The ACTU calculates Australians on the average income of $68,000 effectively received a pay cut of $832 last year.

"Workers experienced the worst real terms wage cut in 20 years, and Scott Morrison has no answers," ACTU secretary Sally McManus said.

But Australian Chamber of Commerce and Industry chief executive Andrew McKellar said it is critical that increased productivity drives wages growth in 2022.

"The reality is our productivity performance remains concerning," he said.

"Until we improve our economic efficiency, we won't see the stable and sustainable increase to wages the community expects."

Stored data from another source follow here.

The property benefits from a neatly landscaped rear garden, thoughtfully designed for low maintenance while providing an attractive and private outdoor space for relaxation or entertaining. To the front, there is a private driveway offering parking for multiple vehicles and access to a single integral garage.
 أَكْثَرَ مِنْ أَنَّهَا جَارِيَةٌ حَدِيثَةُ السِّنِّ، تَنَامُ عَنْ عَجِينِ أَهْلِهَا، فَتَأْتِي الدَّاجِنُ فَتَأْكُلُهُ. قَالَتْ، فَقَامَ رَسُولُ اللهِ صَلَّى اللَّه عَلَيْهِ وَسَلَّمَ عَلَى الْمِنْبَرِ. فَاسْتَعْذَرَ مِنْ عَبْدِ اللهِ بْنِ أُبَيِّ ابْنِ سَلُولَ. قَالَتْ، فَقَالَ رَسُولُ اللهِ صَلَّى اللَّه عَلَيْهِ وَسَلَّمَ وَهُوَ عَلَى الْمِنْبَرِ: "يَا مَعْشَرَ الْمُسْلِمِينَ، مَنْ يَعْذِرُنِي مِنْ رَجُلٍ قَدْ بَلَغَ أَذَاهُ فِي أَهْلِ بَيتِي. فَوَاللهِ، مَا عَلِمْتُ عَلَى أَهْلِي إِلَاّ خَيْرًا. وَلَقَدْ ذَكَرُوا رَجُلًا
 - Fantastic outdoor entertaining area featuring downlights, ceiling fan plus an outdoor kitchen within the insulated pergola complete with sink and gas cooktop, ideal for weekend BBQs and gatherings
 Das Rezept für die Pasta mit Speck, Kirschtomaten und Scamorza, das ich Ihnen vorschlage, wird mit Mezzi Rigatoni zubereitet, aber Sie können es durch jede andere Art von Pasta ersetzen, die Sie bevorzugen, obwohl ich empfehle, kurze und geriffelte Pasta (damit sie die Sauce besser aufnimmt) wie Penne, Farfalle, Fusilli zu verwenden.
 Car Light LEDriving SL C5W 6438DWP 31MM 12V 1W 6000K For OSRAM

Annual wage growth also stands well short of the three per cent-plus RBA governor Philip Lowe wants to see before lifting the cash rate from a record low 0.1 per cent.

"There are some positive signs in these data that wage growth is picking up in response to stronger economic conditions, but progress is slow," BIS Oxford Economics head of macroeconomic forecasting Sean Langcake said.

As such, he doesn't expect the first rate hike will come until the final three months of 2022.

Yet, inflation is rising strongly, partly reflecting the continued rise in global oil prices on the geopolitical Russian-Ukraine tensions, which are feeding into petrol prices in Australia - reaching record highs in recent weeks.

Outgoing Australian Competition and Consumer Commission chair Rod Sims concedes there is not a lot the regulator can do, and with petrol taxation in Australia the fourth lowest in the world he wouldn't be recommending that the government step in and do anything.

But he told the National Press Club in Canberra that oil prices around $US100 a barrel are "patently ridiculous" and well above any cost of production - made worse by the OPEC cartel.

"It's a cartel no competition regulator can get at because it is run by governments," Mr Sims said.

"The tensions around Ukraine have just built on supply-demand problems in the energy market worldwide."

Meanwhile, construction work completed in the December quarter unexpectedly declined 0.4 per cent to $53.5 billion after a downwardly revised drop of 1.2 per cent in the September quarter.

Economists had expected a 2.1 per cent rebound from the Delta lockdown-induced fall in the September quarter.

A 2.9 per cent fall in residential building construction in the quarter was the key factor for the overall decline.

"As well as Delta, the housing sector has been hampered by bottlenecks in the supply of materials, at a time of high demand - blowing out the timeline for completions," Westpac senior economist Andrew Hanlan said.

"The large pipeline of residential building work will support activity in the sector during the first half of 2022."